C’est notamment ce que lui reproche Jaroslav Hutka. Lui, comme d’autres personnalités de l’intelligentsia tchèque, avait fini par s’exiler aux Pays-Bas, en 1978, après des années de pression exercées par la StB dans le cadre d’une opération appelée « Assainissement ». Jaroslav Hutka :
« Ce qui m’a le plus mis en colère, en fait, c’est une dénonciation en particulier : en août 1989, quelques mois avant la Révolution, où d’après le rapport de la StB, il a été envoyé en ‘ service’. On lui a demandé de se mettre en contact avec certaines personnes, en l’occurrence Karel Kryl et Pavel Kohout. Il les a rencontrés et a fait un rapport. Et il y a plein d’autres points comme celui-ci qu’il faut qu’il explique. »
Karel Kryl était un grand chansonnier tchèque, connu pour ses textes engagés. Parti en exil, il était devenu présentateur à Radio Europe Libre. Pavel Kohout est un dramaturge, également parti après 1968.
Dans les années 1980, Jaromir Nahovica avait pu aller donner un concert à Vienne, mais en échange, avait été chargé de renseigner la police politique communiste sur les faits et gestes des artistes exilés, notamment ceux de Karel Kryl.

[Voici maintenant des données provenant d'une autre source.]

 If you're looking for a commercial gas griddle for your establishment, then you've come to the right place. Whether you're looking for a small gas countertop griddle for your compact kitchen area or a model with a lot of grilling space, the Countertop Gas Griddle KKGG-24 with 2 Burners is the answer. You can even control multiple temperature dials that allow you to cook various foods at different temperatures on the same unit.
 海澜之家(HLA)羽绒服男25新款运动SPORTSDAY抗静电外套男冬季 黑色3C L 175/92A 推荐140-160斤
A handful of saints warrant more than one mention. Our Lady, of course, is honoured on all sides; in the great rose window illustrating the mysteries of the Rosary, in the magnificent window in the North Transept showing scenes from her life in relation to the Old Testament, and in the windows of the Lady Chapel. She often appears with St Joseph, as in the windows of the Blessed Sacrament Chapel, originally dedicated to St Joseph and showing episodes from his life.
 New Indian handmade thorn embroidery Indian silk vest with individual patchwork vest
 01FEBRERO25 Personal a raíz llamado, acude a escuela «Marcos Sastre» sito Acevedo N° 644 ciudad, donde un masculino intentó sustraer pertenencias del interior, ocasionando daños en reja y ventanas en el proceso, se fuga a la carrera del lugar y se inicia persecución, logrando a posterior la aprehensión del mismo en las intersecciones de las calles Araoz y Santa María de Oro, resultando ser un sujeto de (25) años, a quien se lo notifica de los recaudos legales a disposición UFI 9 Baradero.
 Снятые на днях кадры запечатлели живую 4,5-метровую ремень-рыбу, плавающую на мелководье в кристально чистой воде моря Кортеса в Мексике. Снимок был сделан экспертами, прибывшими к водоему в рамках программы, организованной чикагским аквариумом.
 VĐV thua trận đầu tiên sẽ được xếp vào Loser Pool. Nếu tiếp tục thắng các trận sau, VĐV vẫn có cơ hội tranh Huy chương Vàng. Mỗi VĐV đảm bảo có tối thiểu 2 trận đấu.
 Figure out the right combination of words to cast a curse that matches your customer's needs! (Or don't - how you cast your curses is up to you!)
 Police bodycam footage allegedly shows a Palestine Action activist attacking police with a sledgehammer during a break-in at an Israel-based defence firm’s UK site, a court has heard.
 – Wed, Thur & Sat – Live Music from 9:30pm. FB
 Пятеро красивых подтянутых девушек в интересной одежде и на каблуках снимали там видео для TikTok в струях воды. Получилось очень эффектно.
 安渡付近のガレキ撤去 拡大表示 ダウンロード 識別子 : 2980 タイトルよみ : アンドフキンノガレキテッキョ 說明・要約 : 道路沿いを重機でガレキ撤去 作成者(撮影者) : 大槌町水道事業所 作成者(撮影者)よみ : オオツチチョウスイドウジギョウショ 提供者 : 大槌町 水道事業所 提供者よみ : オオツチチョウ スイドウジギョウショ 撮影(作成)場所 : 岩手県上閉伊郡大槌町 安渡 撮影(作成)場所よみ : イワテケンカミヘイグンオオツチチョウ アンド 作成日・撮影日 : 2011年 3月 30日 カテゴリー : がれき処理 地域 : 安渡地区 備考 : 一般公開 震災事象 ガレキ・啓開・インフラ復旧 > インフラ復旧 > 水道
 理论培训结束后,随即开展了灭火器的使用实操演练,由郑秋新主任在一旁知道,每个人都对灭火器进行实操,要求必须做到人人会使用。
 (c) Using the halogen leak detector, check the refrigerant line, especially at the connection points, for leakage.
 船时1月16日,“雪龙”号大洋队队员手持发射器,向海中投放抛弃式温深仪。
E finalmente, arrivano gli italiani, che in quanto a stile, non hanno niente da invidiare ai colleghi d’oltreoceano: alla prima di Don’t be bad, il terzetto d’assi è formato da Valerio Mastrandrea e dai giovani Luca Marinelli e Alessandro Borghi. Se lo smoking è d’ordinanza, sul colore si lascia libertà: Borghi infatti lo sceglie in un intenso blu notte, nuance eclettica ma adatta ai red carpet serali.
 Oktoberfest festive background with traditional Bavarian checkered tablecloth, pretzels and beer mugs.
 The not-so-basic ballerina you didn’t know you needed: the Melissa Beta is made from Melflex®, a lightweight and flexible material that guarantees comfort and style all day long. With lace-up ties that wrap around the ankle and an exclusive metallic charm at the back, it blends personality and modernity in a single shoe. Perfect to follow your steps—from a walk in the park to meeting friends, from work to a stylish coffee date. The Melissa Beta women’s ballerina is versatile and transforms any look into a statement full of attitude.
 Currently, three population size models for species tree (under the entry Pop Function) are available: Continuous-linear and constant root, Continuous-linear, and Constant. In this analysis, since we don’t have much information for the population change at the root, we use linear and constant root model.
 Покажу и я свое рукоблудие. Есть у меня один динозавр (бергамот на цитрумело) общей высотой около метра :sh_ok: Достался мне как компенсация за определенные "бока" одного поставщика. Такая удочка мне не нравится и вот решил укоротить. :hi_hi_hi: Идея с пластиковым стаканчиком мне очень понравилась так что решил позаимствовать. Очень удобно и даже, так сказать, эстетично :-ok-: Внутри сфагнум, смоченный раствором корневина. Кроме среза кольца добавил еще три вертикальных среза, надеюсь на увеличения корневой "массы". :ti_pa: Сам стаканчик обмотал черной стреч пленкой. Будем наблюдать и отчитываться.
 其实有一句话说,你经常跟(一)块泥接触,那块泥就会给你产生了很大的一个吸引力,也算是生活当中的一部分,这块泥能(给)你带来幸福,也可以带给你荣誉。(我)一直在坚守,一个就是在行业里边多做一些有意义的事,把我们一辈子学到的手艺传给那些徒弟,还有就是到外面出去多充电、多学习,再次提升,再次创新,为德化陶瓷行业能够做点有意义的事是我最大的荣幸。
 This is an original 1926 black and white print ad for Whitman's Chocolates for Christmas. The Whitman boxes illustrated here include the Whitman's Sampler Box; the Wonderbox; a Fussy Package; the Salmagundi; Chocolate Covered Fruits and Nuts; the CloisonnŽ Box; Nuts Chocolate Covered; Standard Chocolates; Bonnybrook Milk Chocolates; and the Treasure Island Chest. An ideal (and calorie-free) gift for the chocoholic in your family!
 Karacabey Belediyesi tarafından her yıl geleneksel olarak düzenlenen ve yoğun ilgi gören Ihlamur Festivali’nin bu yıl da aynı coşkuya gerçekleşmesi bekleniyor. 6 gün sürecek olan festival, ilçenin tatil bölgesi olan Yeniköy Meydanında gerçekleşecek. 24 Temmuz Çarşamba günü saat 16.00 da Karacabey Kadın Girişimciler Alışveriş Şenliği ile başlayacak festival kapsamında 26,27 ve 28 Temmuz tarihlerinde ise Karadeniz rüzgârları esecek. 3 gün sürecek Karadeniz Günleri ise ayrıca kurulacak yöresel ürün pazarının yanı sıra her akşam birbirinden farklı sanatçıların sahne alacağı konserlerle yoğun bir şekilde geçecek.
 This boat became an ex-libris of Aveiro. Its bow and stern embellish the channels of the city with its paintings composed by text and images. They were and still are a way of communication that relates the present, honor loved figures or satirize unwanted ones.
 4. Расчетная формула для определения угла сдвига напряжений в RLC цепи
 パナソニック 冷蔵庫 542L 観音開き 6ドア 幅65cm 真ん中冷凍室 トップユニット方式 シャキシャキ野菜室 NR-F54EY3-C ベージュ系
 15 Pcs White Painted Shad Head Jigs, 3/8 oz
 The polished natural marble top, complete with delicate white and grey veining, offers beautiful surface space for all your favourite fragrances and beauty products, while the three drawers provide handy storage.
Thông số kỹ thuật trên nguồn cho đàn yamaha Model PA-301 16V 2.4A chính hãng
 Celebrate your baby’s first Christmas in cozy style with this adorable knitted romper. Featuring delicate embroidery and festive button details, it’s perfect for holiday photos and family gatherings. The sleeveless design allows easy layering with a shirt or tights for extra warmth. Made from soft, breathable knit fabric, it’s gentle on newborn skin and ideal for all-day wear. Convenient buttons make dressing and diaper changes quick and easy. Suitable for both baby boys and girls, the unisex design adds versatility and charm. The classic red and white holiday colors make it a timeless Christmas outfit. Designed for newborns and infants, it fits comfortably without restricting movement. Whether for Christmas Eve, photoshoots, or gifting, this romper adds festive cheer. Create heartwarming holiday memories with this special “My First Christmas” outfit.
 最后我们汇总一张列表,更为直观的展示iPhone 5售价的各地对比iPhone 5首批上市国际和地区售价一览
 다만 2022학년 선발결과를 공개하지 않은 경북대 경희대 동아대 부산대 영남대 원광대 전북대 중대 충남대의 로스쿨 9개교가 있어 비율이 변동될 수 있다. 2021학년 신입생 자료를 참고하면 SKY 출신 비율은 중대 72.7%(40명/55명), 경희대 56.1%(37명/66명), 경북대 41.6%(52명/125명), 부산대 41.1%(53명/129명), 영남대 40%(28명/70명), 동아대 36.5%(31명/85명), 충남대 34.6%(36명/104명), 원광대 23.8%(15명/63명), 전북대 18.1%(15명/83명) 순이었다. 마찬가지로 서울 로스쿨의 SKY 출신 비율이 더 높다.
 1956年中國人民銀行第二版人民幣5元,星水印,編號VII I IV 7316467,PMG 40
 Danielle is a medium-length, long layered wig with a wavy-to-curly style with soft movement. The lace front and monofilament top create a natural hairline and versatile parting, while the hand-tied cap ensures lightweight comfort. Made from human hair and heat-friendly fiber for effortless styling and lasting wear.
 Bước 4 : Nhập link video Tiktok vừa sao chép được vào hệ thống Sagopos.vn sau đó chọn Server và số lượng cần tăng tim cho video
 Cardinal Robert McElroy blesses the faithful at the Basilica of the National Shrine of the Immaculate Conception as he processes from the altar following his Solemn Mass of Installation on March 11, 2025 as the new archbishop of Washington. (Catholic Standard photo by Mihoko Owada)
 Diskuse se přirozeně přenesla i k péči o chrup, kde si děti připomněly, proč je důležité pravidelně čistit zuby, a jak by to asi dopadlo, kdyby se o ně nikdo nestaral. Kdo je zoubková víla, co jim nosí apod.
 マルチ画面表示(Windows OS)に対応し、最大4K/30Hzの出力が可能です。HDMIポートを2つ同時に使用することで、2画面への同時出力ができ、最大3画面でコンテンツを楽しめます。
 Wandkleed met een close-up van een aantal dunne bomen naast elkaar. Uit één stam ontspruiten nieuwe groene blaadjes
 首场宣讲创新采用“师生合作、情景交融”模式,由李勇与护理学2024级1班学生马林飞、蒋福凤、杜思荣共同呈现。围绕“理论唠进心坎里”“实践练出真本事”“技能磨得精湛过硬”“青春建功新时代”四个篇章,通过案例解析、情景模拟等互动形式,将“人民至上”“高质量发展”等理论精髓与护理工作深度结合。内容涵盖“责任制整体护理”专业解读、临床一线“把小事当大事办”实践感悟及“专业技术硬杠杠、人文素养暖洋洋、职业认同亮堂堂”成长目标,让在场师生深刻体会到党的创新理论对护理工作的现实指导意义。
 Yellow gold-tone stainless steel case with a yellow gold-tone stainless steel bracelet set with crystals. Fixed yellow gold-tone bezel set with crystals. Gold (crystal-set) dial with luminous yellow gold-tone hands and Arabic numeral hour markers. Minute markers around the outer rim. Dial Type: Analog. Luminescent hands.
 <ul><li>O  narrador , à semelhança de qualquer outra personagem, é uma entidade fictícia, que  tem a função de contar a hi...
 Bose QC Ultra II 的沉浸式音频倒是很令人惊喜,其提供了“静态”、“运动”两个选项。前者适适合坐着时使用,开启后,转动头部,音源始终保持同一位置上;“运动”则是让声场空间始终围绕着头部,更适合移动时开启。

Hutka refuse les excuses classiques souvent présentées, selon lesquelles la dénonciation n’était pas systématiquement utilisée contre les personnes surveillées. Pour lui, le simple fait que le mouchardage ait pu servir est suffisant :
« Cette dénonciation a causé du tort à Kryl. D’abord, Nohavica l’a caricaturé assez méchamment et pour la police, c’était une bonne nouvelle. Ils pouvaient en déduire qu’il n’était pas satisfait, qu’il était faible psychologiquement. C’était une façon de savoir comment le manipuler le cas échéant. Ensuite, il y a la description des problèmes de Kryl à Radio Europe Libre. Il ne l’avait avoué à personne, mais à son copain tchèque, il s’est confié. Et lui a tout dit à la police. Or, dès que quelqu’un avait un problème, pour la police c’était bon signe, le signe qu’il y avait moyen d’en tirer profit. »
Ecrite en juillet dernier, lors d’un séjour en France, la chanson a fait le tour de la Toile et des boîtes mail.